Девушки вышли наружу. Они спустились по ступенькам к парапету. Вода в реке была серая, она отражала небо.
— Мне иногда хочется уплыть отсюда, — сказала Соня.
Люся наконец-то смогла ее рассмотреть.
Соня была высока, ростом с Люсю, но склонна к полноте. Правда, ей никогда не стать полной, по крайней мере здесь. Волосы у Сони были черные, густые, зачесанные назад, с пробором посреди головы. Она носила очки. Больше Люся ни у кого не видела очков, словно люди здесь презирали необходимость хорошо видеть. Как вижу, так и вижу… А платье у Сони было какое-то детдомовское, балахоном, видно, она поддалась здешнему обычаю — носить, пока не развалится.

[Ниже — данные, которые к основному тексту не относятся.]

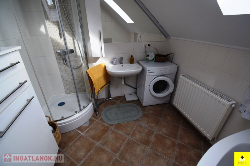 Bükfürdőn csendes környezetben kínáljuk eladásra ezt a kiváló állapotú napfényes tágas lakást! Bruttó alapterülete 76 m2, a terasz 17,4 m2. Található benne 1 előtér, 1 nappali, 3 hálószoba, 1 konyha, 1 fürdőszoba, 1 wc, és a fedett hatalmas erkély. A lakáshoz tartozik továbbá felette lévő padlásrész, amely járható felületű, így tárolónak is kiválóm, valamint a telek hátsó részén lévő kb. 50 m2-es kizárólagos használatú telekrész is. A fűtését és melegvízellátását korszerű gázkazán biztosítja és tekintve, hogy a ház még 20 éves sincs, így már korszerű anyagokból épült, természetesen már homlokzatszigetelést is kapott, így rendkívül alacsony rezsivel fenntartható. Az ingatlanra a garantált 3%-os Otthon Start Hitel is igénybe vehető. Kifizetést követően azonnal beköltözhető!

Соня тоже разглядывала Люсю.
— Мне вас очень жалко, — сказала Соня. Глаза у нее были карие, в черных ресницах. — Я сначала не знала, какая вам уготована роль, а потом поняла, что это трагедия.
Интеллигентная, подумала Люся. Она не презирала интеллигентов, как было принято в ее семье и среди любовников матери. Она сама хотела стать интеллигентной.

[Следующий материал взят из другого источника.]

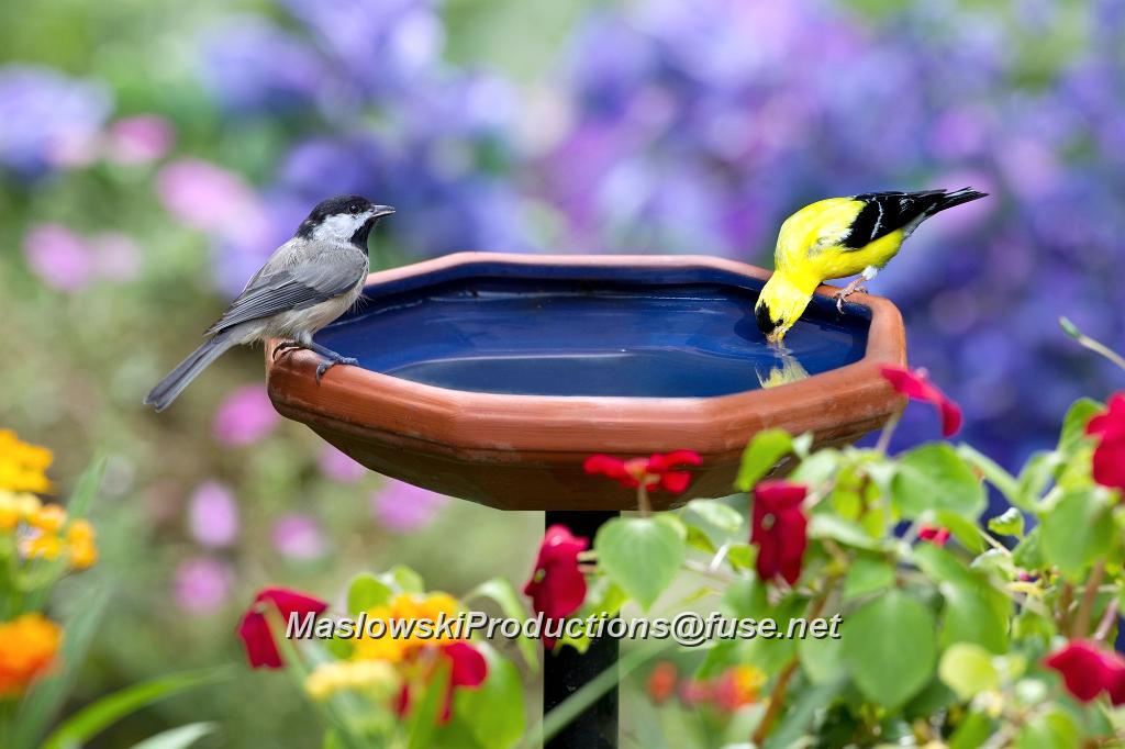 Birdbath - with  Carolina chickadee and American goldfinch CD MASW9606k

— Скажите, а вы знаете, как мне отсюда уйти? — спросила Люся. Лучше сразу спросить, время дорого.
— Мне трудно ответить на этот вопрос.
— Ну вы хоть знаете, как меня украли?
— Со мной никто не разговаривает, — отвечала Соня.
— Я отсюда уже уходила.
— Я знаю, — сказала Соня. — Вы же меня тогда видели.
— Конечно, но тогда я еще не понимала, что все зависит от вас.
— Нет, — сказала Соня, — не от меня. От Дениса.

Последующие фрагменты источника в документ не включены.